**Aim of the task:** All that is needed is an exact repetition of the lines from the one containing "2025年10月份工业生产者出厂价格同比降幅继续收窄" through the final line of the material, without pictures.

*** Provided data ***

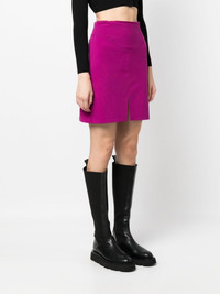 panelled high-waisted skirt Highlights - Orchid purple - Jersey texture - Panelled design - Rear zip fastening - High-waisted - A-line - Front slit - Thigh-length Imported Composition Outer: Viscose 67%, Polyamide 28%, Spandex/Elastane 5% Lining: Acetate 68%, Polyester 32% SIZE & FIT Model measurements Height 5 ft 11 in(1.8 m) Bust/Chest 31.49 in(80 cm) Hips 36.22 in(92 cm) Waist 25.59 in(65 cm)
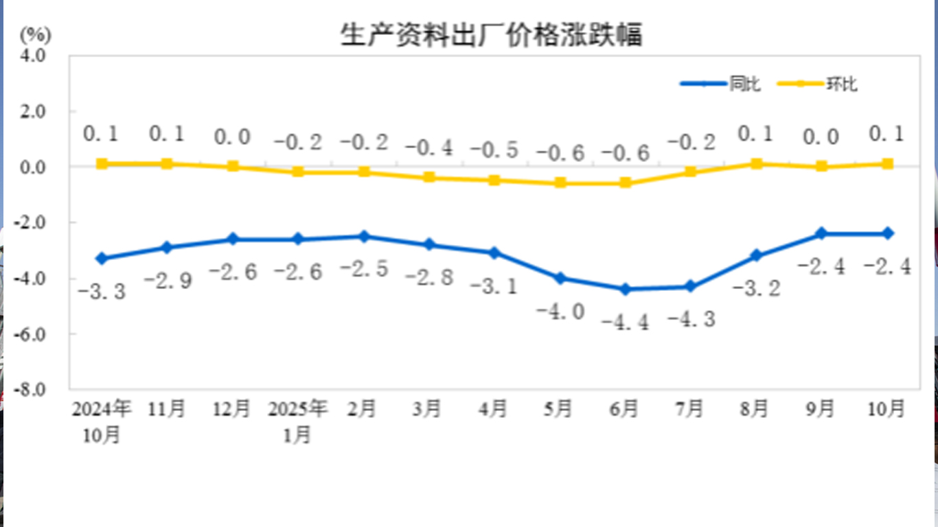 2025年10月份工业生产者出厂价格同比降幅继续收窄
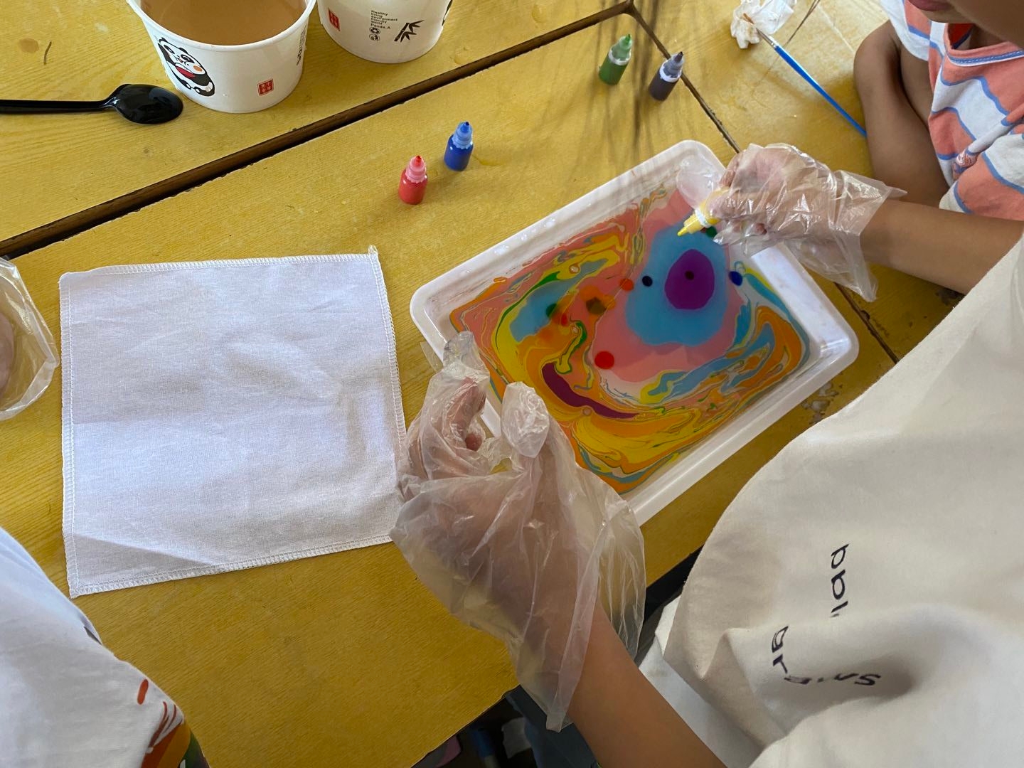 图为小朋友们展示自己动手制作的水拓丝巾,大家在制作过程中,于点滴墨色里感受文化瑰宝、窥望历史年华。中国青年网通讯员 卢慧敏 摄
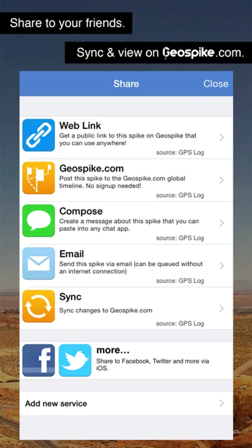 5. Connect with your friends by sharing single records (what we call spikes), trip maps and lifetime travel maps using our own website Geospike, and on social media.

***

**Answer area:**
 2025年10月份工业生产者出厂价格同比降幅继续收窄
 图为小朋友们展示自己动手制作的水拓丝巾,大家在制作过程中,于点滴墨色里感受文化瑰宝、窥望历史年华。中国青年网通讯员 卢慧敏 摄
 5. Connect with your friends by sharing single records (what we call spikes), trip maps and lifetime travel maps using our own website Geospike, and on social media.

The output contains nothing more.